Copy out the data below from the line containing "Dachgeschoss = Bad" to the line containing "คันเหยียบกันลื", both lines included, with all images left out.
Source material START
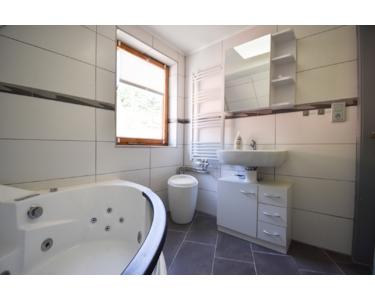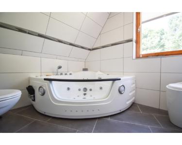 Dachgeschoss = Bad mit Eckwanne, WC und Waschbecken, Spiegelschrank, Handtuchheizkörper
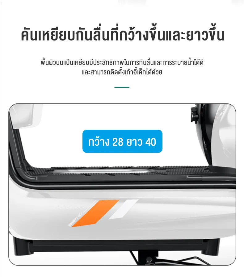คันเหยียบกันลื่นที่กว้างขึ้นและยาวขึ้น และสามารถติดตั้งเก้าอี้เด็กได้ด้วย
Source material END
Source material START
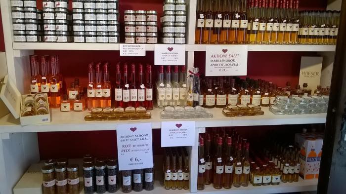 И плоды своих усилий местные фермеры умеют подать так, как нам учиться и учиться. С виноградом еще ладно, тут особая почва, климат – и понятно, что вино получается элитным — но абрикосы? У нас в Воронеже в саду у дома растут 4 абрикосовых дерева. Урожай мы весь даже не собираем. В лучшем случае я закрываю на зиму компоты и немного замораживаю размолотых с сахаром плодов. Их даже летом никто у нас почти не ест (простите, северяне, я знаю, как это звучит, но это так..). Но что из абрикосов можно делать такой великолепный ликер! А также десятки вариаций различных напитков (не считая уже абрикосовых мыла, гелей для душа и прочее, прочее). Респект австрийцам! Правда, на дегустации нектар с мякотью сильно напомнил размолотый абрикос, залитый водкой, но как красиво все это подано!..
Source material END
Source material START
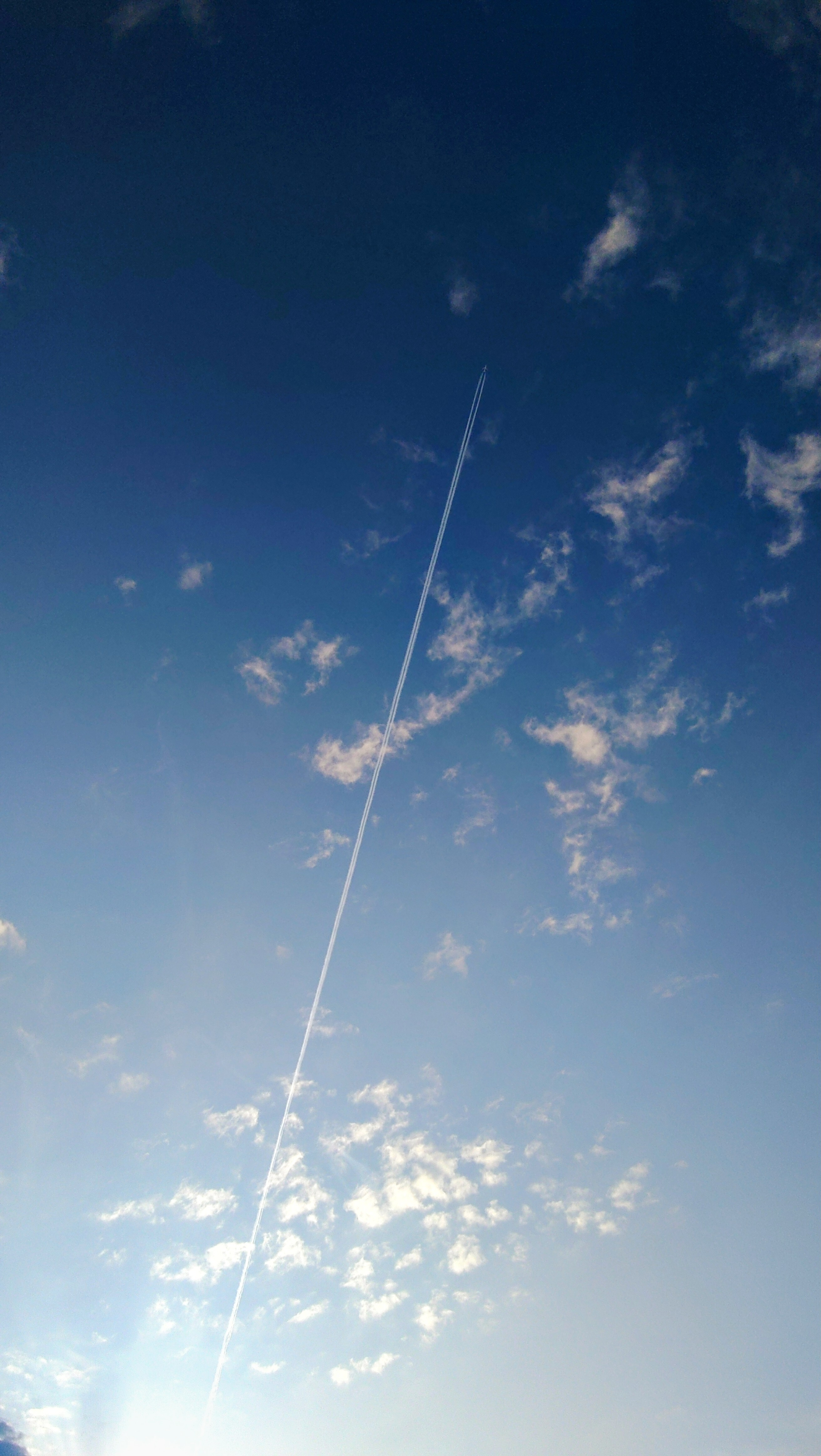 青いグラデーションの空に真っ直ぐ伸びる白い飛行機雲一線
Source material END
**Expected output:**
 Dachgeschoss = Bad mit Eckwanne, WC und Waschbecken, Spiegelschrank, Handtuchheizkörper
คันเหยียบกันลื่นที่กว้างขึ้นและยาวขึ้น และสามารถติดตั้งเก้าอี้เด็กได้ด้วย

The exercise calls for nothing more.